When he got home, the bedroom door was locked, he said, adding that he knocked and got no response before he picked it open with a small screwdriver.

He said when he got inside, he saw his wife’s nude body lying on the bed.

“I remember the eerie feeling when I walked in the room and found Kassidy. That same eerie feeling filled that room when I unlocked the door and took that first step in, that something’s not right, this is not right,” Baker said.

He said he didn’t think immediately that she killed herself.

“I never really thought that she would kill herself. I never went that far in my thought process. She had taken medicine that scared me a little bit, but never did I think she would do it deliberately to hurt herself.”

He said he called for help while putting his wife’s clothes on her.

“I did not want them to see her naked,” he said. “She would not have wanted them to see her naked, so I protected her in that.”

The arrest affidavit alleges that a crime-scene expert hired by the Dulins in their civil lawsuit believes Kari was not nude at the time of her death. Authorities say Baker may have told that story to explain why her body was cold to the touch.

The expert reported that it would take longer than the scenario described in Baker’s story for the body to become cold and for lividity, or pooling of blood in the body, to set in.

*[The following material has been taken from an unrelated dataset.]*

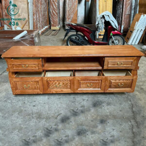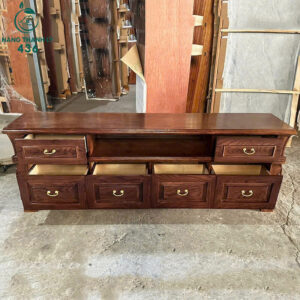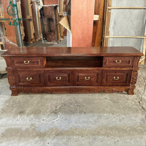 - Mô tả: Kệ tivi gỗ mang phong cách cổ điển, nổi bật với màu nâu trầm sang trọng và các đường nét chạm khắc tinh xảo ở chân và viền cạnh. Thiết kế gồm 6 ngăn kéo tiện dụng: 4 ngăn lớn ở giữa và hai ngăn nhỏ hai bên, giúp lưu trữ đồ dùng gọn gàng. Tay nắm bằng kim loại màu đồng tạo điểm nhấn thanh lịch. Phía trên ngăn kéo trung tâm là hộc mở, lý tưởng để đặt đầu đĩa, modem hoặc thiết bị giải trí. Chất liệu gỗ chắc chắn, bề mặt được xử lý mịn màng, phù hợp với nhiều không gian nội thất như phòng khách hoặc phòng sinh hoạt chung.

Officials also say that an abrasion on Kari’s nose and bruising on her lips reportedly seen on crime-scene photos are consistent with someone pressing a pillow down on her face to suffocate her after she fell unconscious.

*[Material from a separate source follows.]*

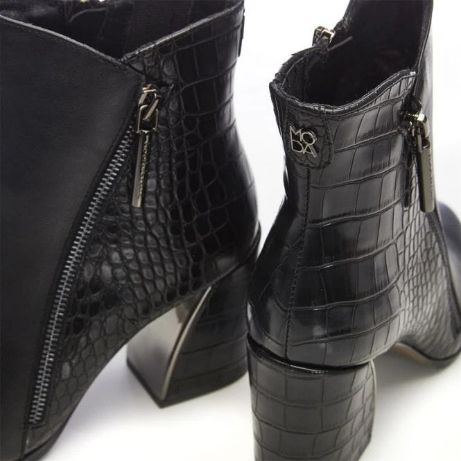 Your new favourite wide fit boot. Amy features a stunning curved block heel with a metallic inner, the contrasting textures on the shoe add further detail whilst still leaving it effortless to style. Complete with a functional inside zip and a decorative outside zip. Style with leather trousers and a blouse.

Gray counters that he has seen no photos or paramedic reports to indicate abrasions. Baker said he saw none, but both men say they could have come from paramedics’ attempts to resuscitate her.

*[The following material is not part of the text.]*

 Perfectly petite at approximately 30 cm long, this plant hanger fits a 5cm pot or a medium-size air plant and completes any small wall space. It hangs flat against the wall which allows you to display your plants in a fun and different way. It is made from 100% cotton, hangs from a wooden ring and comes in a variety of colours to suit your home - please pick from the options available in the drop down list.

Gray also said there likely would be fibers in her throat from the pillow or her blood or saliva on a pillow. He knows of no evidence to support that, he said.

Baker said he saw a bottle of Unisom — an over-the-counter sleeping aid — and a note near the phone, but he didn’t take the time to read it.

Only later, he said, did he realize that officials found an unsigned, typewritten note.

Officials — and Gray, the grizzled former prosecutor — say it is extremely unusual for a suicide victim to leave a typewritten note with no signature.

“At that point in time, I didn’t really process that,” Baker said. “I don’t know where she would have typed it, when she typed it, how long she had it in her possession.”

twitherspoon@wacotrib.com

757-5737

—— TIMELINE OF EVENTS ——

* July 31, 1995: Matt and Kari Baker are married.

* April 8, 2006: Kari Baker, 31, is found dead at the couple’s Hewitt home. Justice of the Peace Billy Martin rules her death a suicide after consulting with the Hewitt police. No autopsy is ordered.

* July 10, 2006: At the request of Kari Baker’s parents and Hewitt police, Martin orders her body exhumed for autopsy.

* July 31, 2006: Kari Baker’s parents, James and Linda Dulin, file a wrongful death lawsuit against Matt Baker, alleging he killed their daughter.

* Aug. 29, 2007: Martin conducts an inquest into Baker’s death.

* Sept. 18: Martin changes his ruling in the death from suicide to undetermined, matching the autopsy results.

* Sept. 21: Matt Baker is arrested in his wife’s death.